Records from a data collection
*****
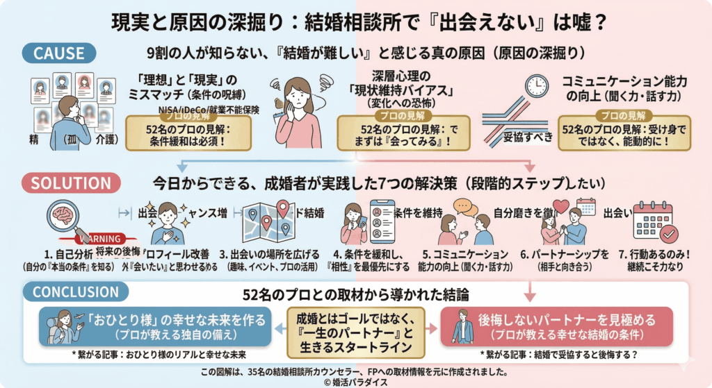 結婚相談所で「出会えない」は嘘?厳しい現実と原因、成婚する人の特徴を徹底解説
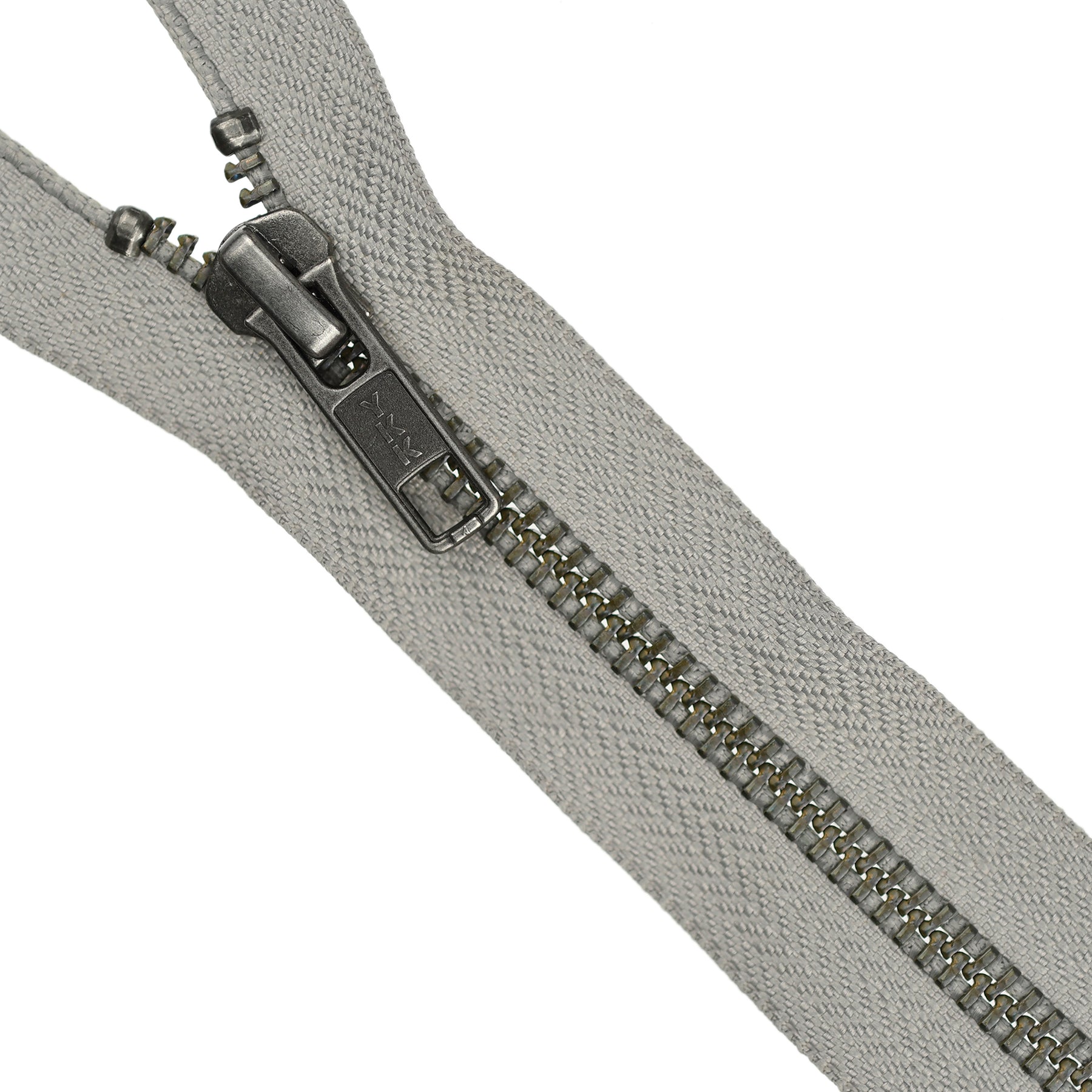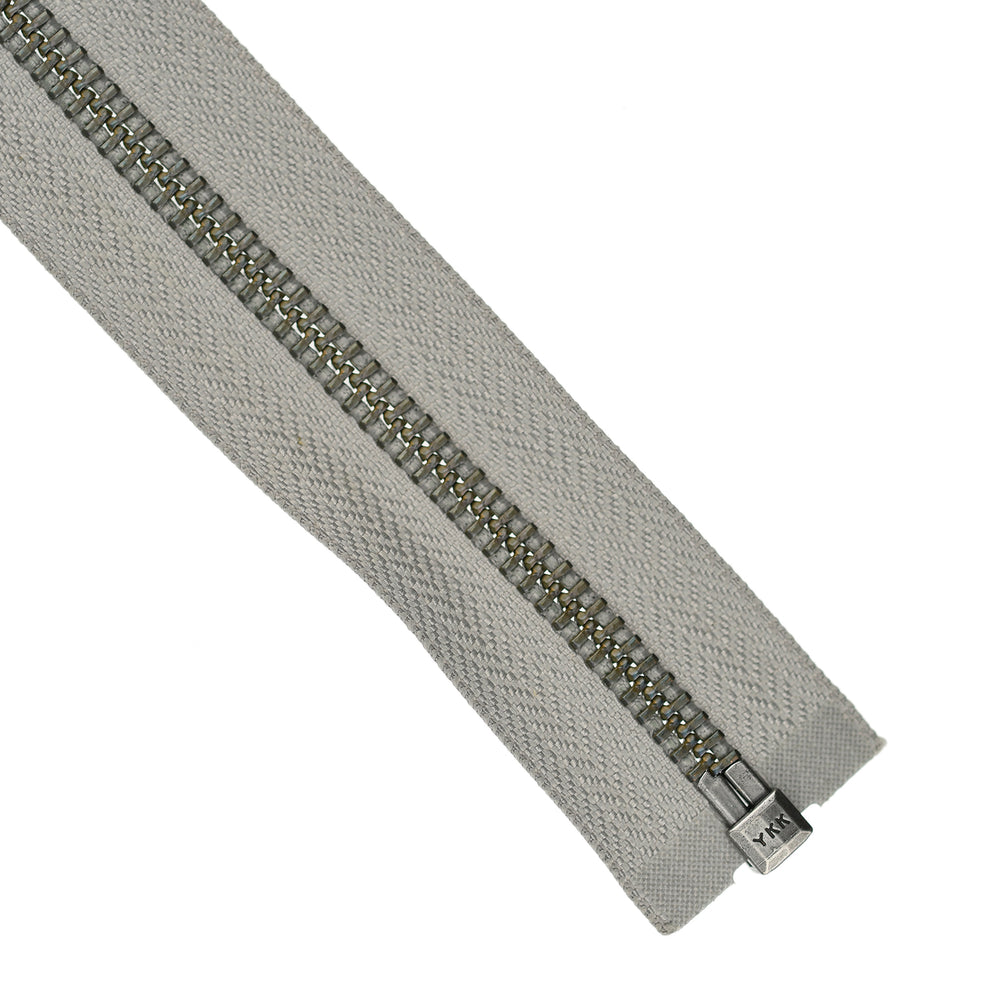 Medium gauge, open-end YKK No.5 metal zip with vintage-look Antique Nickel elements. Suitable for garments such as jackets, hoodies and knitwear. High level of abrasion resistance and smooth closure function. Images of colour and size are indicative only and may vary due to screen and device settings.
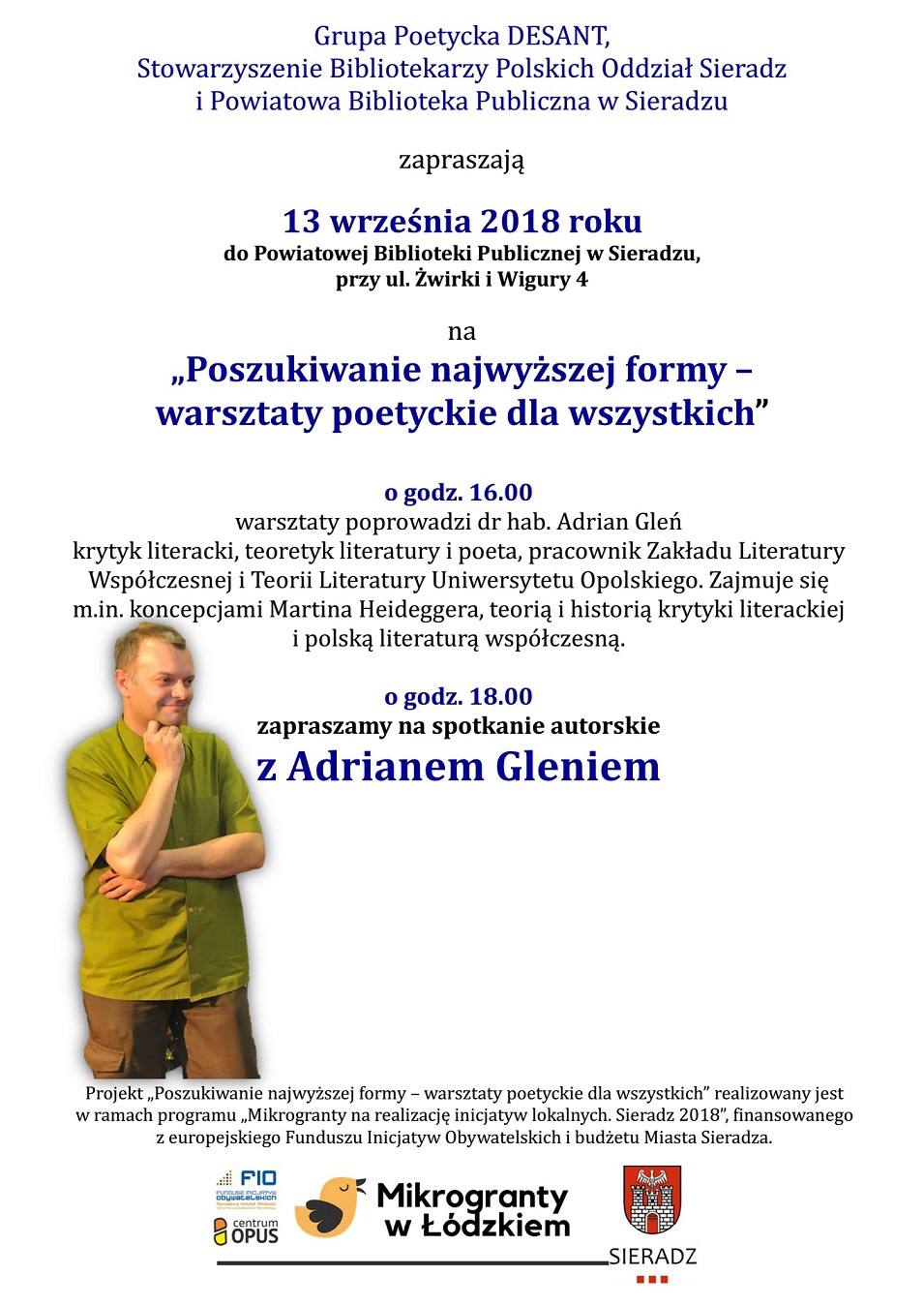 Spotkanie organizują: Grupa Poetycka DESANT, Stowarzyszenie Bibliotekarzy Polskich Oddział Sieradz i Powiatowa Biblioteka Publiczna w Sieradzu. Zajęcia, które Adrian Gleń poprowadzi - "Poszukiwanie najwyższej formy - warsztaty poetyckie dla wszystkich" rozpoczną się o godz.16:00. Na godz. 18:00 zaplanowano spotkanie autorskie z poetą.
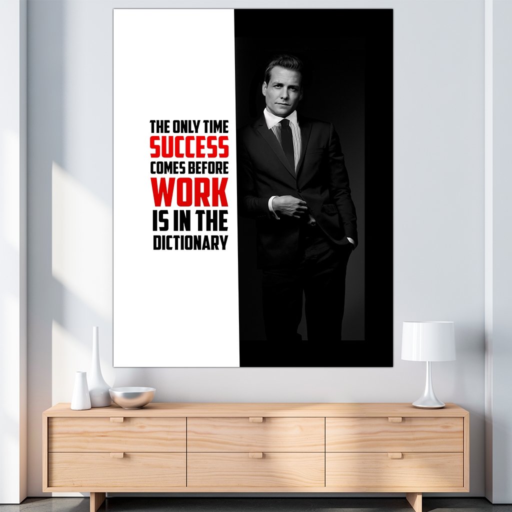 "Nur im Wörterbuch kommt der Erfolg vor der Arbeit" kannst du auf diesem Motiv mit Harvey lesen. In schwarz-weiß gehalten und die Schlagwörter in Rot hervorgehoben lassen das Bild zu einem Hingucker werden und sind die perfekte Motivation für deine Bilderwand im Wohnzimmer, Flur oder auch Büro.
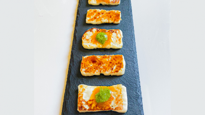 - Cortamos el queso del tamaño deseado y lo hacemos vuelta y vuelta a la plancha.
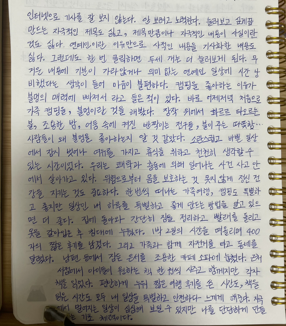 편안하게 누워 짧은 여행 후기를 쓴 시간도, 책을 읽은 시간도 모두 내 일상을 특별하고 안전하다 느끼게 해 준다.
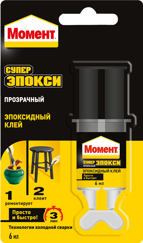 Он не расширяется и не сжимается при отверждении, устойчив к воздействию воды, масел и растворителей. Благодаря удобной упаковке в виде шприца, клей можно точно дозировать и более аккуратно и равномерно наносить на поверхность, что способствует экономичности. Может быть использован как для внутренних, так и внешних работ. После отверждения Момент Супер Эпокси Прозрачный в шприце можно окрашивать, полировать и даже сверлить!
*****
Assignment
Nothing but an exact copy is asked for: the lines from the start of the records through the line with "Spotkanie organizują: Grupa", both ends included, minus any pictures.

Exercise result
 結婚相談所で「出会えない」は嘘?厳しい現実と原因、成婚する人の特徴を徹底解説
 Medium gauge, open-end YKK No.5 metal zip with vintage-look Antique Nickel elements. Suitable for garments such as jackets, hoodies and knitwear. High level of abrasion resistance and smooth closure function. Images of colour and size are indicative only and may vary due to screen and device settings.
 Spotkanie organizują: Grupa Poetycka DESANT, Stowarzyszenie Bibliotekarzy Polskich Oddział Sieradz i Powiatowa Biblioteka Publiczna w Sieradzu. Zajęcia, które Adrian Gleń poprowadzi - "Poszukiwanie najwyższej formy - warsztaty poetyckie dla wszystkich" rozpoczną się o godz.16:00. Na godz. 18:00 zaplanowano spotkanie autorskie z poetą.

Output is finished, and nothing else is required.